Schemas are indeed useful, but here are some downsides:

- The availability of a schema helps in a plaintext-guessing attack against encrypted data, since an attacker knows what the structure of the unencrypted data is, names of element and attributes, and maybe default values also.

- Applications which are coded to validate all incoming XML can be diverted to a malicious Schema using the SchemaLocation attribute. The malicious Schema could include very compex checks which would choke a parser. This behavior can be turned off in some platforms, for example here is how it's done in .NET: http://msdn.microsoft.com/en-us/library/ms763691(VS.85).aspx . I should note that Gunnar's code is not vulnerable to this attack since he specifies the Schema in the "schemaFile" variable. But many applications are. It is a neat way to turn a security measure against itself.

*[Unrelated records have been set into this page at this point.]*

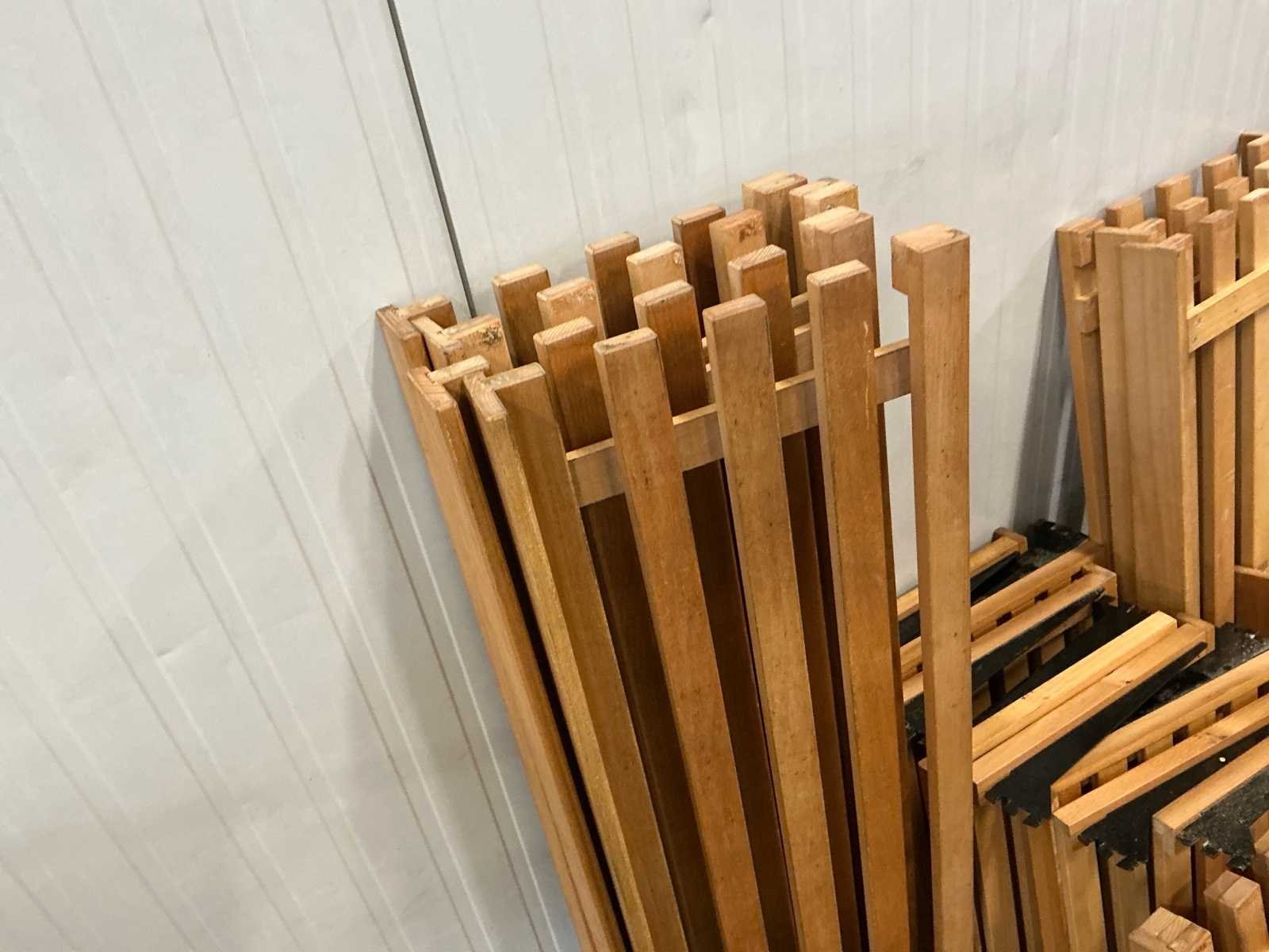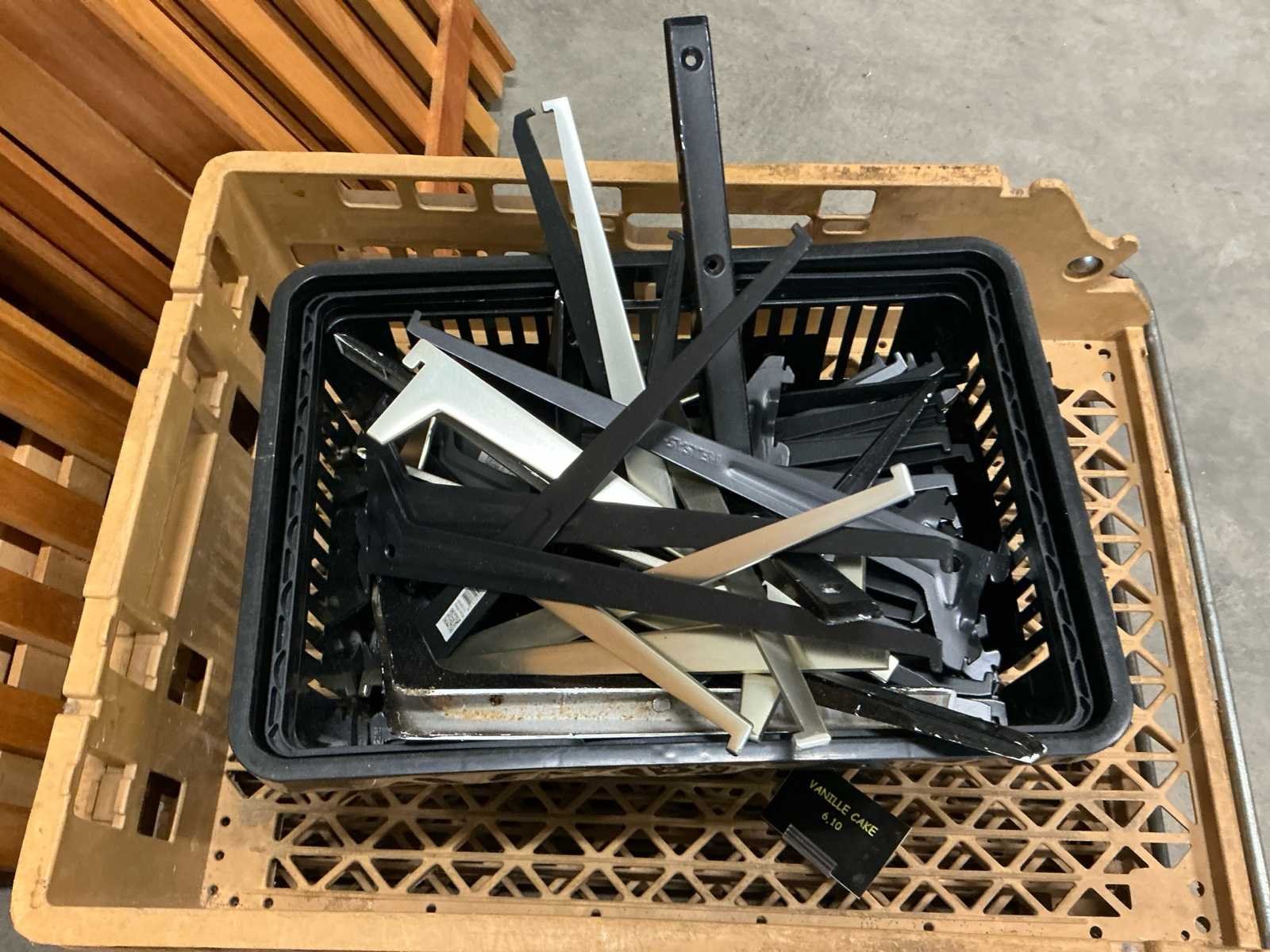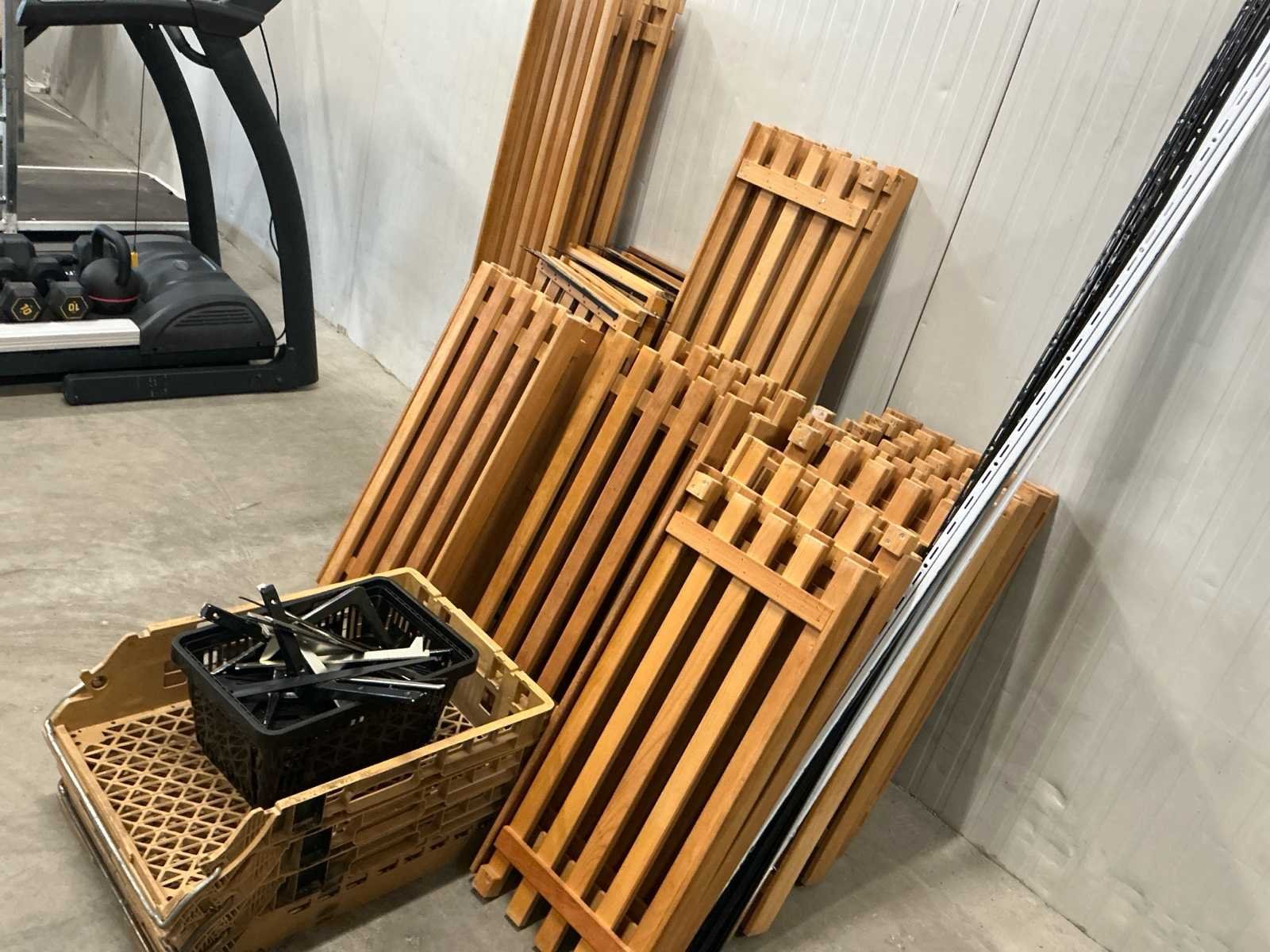 Voorzien van: Kwalitatief houten stellage, 4 planken (150x36cm), 3 planken (136x36cm). 37 planken (90x36cm) 3 bakken, 10 insteek profielen, inclusief stalen transport rek 2 plateaus demonteerbaar. Nee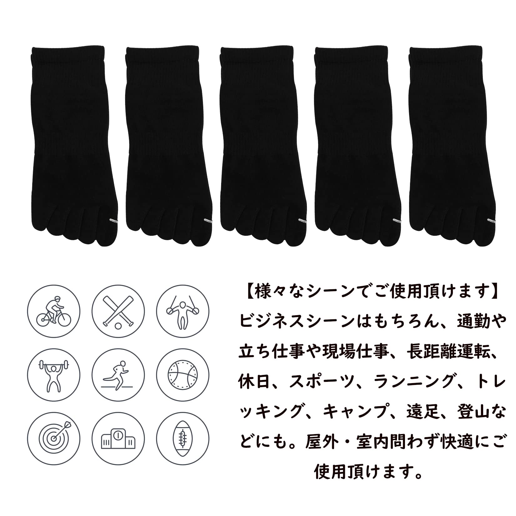 【優れたデザイン】:従来の5本指ソックスとは異なり、立体的に編まれた5本指、通常の平な指先ではなく、立体的に編むことで履くときに指が入れやすい。清掃するときは洗濯機で洗うか手洗いをする。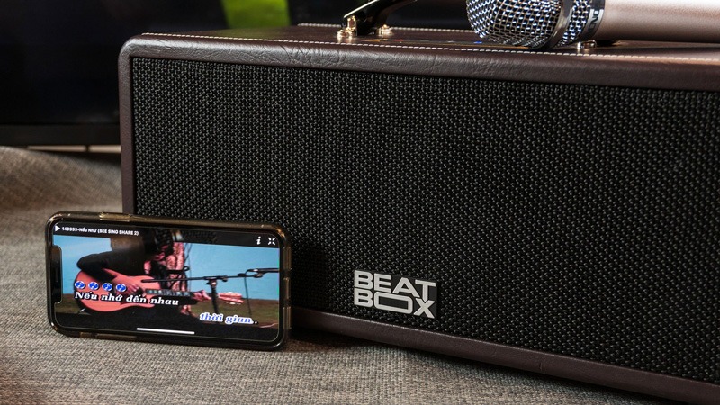 Ứng dụng đi kèm có sẵn trên 2 hệ điều hành Android và iOS là Cloud Karaoke cho phép bạn sử dụng kho nhạc có sẵn online với gần 40 ngàn bài hát tiếng Việt, tiếng Anh được lựa chọn dựa theo bài hát, ca sĩ, tác giả hay thể loại… Và thậm chí bạn cũng có thể download về những gói nhạc offline tha hồ mang xách đi những nơi không có mạng. Beatbox cũng có khả năng kết nối đến 8 thiết bị di động cùng xem video karaoke, cùng điều khiển và chọn bài. USB 32GB kèm theo máy đã chứa hàng ngàn bài hát, bạn chỉ cần ghim vào cổng và có thể chọn bài hát ngay trên ứng dụng của mình.
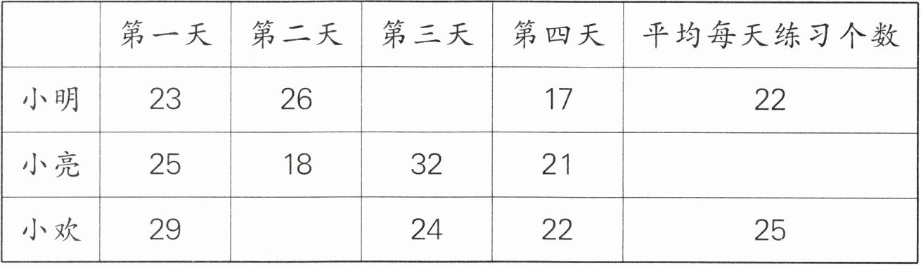 六、三个小朋友每天练习毛笔字的个数如下表,填写表格。(共 6 分)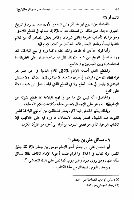 نام کتاب : قبسات من علم الرجال ، أبحاث السيد محمد رضا السيستاني ، جمعها ونظمها السيد محمد البكاء - ج1ج2 نویسنده : السيد محمد رضا السيستاني جلد : 2 صفحه : 148

- As Gunnar says, Schema validation is only as good as the Schema itself. Most Schemas are just about the data-types ("this is a string, this is a string, this is also a string", etc). That is not useful for security purposes.

- Schemas define what should be in an XML document, but are not useful for defining what should not be in an XML document. That is where threat scanning for attack signatures (e.g. SQL Injection) comes in.

- Schema validation does not apply to RPC-encoded SOAP messages (partly because type information is included in each element that appears within the SOAP message). Unfortunately, RPC-encoded SOAP still exists in the wild. However, here at Vordel we do the seemingly impossible in our XML Gateway: allowing RPC-encoded SOAP messages to be validated against Schemas. If you need to validate RPC-encoded SOAP messages, check out the Vordel XML Gateway.

- And the biggie: Performance. Without an XML Acceleration system such as VXA in place, Schema validation can add significant latency to message throughput. In fact, that is one of the big reasons why Schema Validation is often skipped in Java and .NET apps (a bad idea!).

I'm not discouraging Schema usage, just saying that some caveats have to be kept in mind.